MogileFS Hardware Usage

The Goal

The design MogileFS follows is flexibility, commodity, inexpensive hardware requirements (this doesn’t mean cheap/crappy). Avoiding vendor lock-in, and allowing you to mix, match, and choose what works best for your application. It is designed to not require assembling RAID volumes on storage nodes, in fact we highly recommend against doing that. Individual/smaller drives can be cheaper, and will scale writes better. Replication is usually between distinct hosts, so multiple copies on a single host is redundant. RAID or otherwise.

Shared Hosts

MogileFS components can run on shared hosts, if you have free capacity. Trackers will use some CPU and some memory, storage nodes can be ran on CPU (web/etc) nodes if you add a few harddrives to them. The database can be shared with a larger database. As your installation grows, moving out to dedicated hardware isn’t too hard.

Dedicated Hosts

Notes and recommendations for having hardware dedicated to MogileFS components.

Trackers

Trackers are easy to satisfy. They will use as much memory as you run worker processes. It will vary based on your version of perl, your host OS, and what version of MogileFS you run. Much of the memory (code/etc) will be shared between processes as well. Trackers access the database heavily, memcached if you have it, and can use a lot of network traffic with replication. Files are copied from a source node to a destination node with the tracker as a proxy, so traffic is increased.

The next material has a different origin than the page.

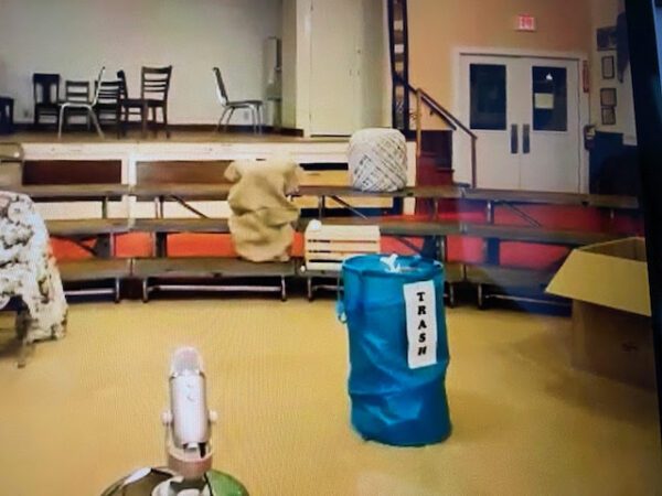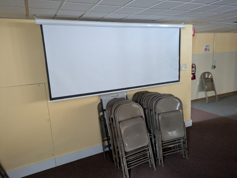 e upstairs, being sold on locally for $25! Recently, I installed some chains to make 2 locations for hanging the screen: in the “center aisle” for folks in the cafeteria section, and in the “coffee-house alcove”, for smaller meetings and gatherings. We think they will be useful for various group sizes, and will make the downstairs even more attractive to renters. Want to hold a movie night? Show pictures from your hike on the Appalachian Trail (as recently happened upstairs)? Email Merry to make arrangements!

Trackers cause no disk activity (aside from local syslogs, if you send those to disk). So wimpy/non redundant disks are fine. Trackers don’t need to be on heavily redundant hardware, since clients should support trying multiple trackers if accessing one fails.

CPU usage can be heavy with many fsck/replicate workers running on a large set of jobs. This can be easily capped by limiting the number of workers running and allowing large batch jobs to take longer to process.

Database

The trackers are generally light against the database. In versions 2.30 and later most of the remaining DB-heavy processes are being optimised. If you properly cache files and/or paths outside of mogilefs, get requests should be light and DB activity little. It can spike with a large amount of replicate/fsck/etc workers running at the same time, or heavy uploads, etc.

It’s highly recommended to use master/master databases. MySQL is the most heavily optimised, but Postgres is well supported as well. Please notes, that regardless of how you replicate your databases, you must only, ever, point mogilefs trackers at a single database. Pointing them at different halves of a master/master cluster will break replication and possibly cause failures in file uploads. DB scaleout has not been necessary (on a properly configured setup, disk space is often a problem before DB capacity), but is coming properly in the future. For the moment mogile must point all trackers at the same database. If you’re using MySQL, InnoDB is a requirement for reliability and speed. MyISAM will not scale so well and can lose data.

Hardware recommendations for a DB will vary. Small setups can use small machines with R1 disks. Larger databases should consult DBA’s, or performance websites for up to date recommendations. The author of this article generally goes with fast SAS drives, a RAID card with a battery backed write cache (crucial!), and plenty of RAM. Flash drives are slowly becoming economical, but may not be necessary given MogileFS’s requirements.

Storage

Storage nodes are where the greatest tradeoff decisions happen. Generically: do you want more nodes with fewer drives, or fewer nodes with many large drives? Or few nodes with large drives? Do you use hot swap drives or cheaper, non hot swappable drives?

Storage nodes will generally not use a lot of CPU. Mogstored is used for monitoring and (by default) file uploads. Large setups typically use apache or nginx to manage read load. All of the above will likely not tax your CPU before running you out of IO capacity.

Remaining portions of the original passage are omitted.